Muck would be pleased, Travis knew, as the Screech Owls assembled by the entrance to the tent and awaited the arrival of their coach. Travis had taken special care in combing his hair. He had moved the blond curl back off his forehead. It made him look older, he thought, more mature. More like a team captain.
They were all there. Wilson and Andy the tallest, by far. Gordie Griffth still managing to look like a little boy and a skinny teenager at the same time. Sarah with her blonde hair in a neat ponytail. Jenny with her flame-red hair shining like it had sparkles in it. Dmitri with his hair slicked down, and Lars with his hair so light and dry it seemed like it might bounce off his head just from walking. And Nish, of course, wearing his beloved Mighty Ducks of Anaheim cap.

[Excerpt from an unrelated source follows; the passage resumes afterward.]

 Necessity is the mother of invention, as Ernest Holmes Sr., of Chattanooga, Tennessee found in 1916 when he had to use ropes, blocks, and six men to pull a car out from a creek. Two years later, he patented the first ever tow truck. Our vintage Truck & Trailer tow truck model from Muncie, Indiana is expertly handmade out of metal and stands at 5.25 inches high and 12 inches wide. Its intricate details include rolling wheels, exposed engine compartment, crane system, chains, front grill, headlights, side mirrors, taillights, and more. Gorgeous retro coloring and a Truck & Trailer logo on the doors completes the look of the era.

“You hoping they’ll mistake you for Paul Kariya?” Sarah kidded.
“Very funny,” Nish said, but refused to remove the cap. Travis understood why. It had, after all, been given to Nish by Paul Kariya at the end of the Quebec International Peewee Tournament, and Nish had hardly taken if off since. It was, for him, the symbol of his greatest moment on the ice–he’d scored the winning goal–and his greatest moment off the ice, as well. He had met his great hero, Paul Kariya. And Kariya had forgiven Nish for letting on that they were “cousins” just because they were both of Japanese heritage.

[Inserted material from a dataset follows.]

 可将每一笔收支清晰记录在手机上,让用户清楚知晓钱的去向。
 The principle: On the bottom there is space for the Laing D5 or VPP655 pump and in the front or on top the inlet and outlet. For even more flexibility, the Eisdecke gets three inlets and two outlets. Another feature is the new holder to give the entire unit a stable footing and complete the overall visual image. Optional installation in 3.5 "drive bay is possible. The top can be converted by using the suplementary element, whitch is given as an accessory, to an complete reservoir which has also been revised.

Muck came along with Mr. Dillinger, the team manager, and Mr. Dillinger was pushing Data in his fancy new wheelchair. Data looked great. His dark hair was combed perfectly and he had put on his new blazer with the Screech Owls logo over the heart. It was amazing what Data could do with a single hand: loop a tie, button his cuffs, tie his shoes, practically anything that anyone else could do with two. Data, the electronics nut, had a video camera small enough to hold in his one good hand, and was using it to sweep the scene, lingering on each player as he recorded their first day in Nagano.
Both Muck and Mr. Dillinger were in suits, but Mr. Dillinger, his happy red face grinning, his bald head shining, looked far more at ease in his fancy clothes than did Muck. Muck kept pulling at his collar, and he kept scratching the top of his legs as if the pants itched him. But if Muck didn’t much care for how he was dressed, he seemed to like what he saw in his team. His only adjustment was to pluck the Mighty Ducks cap off Nish and slam it into his stomach before announcing it was time to go in to the opening banquet.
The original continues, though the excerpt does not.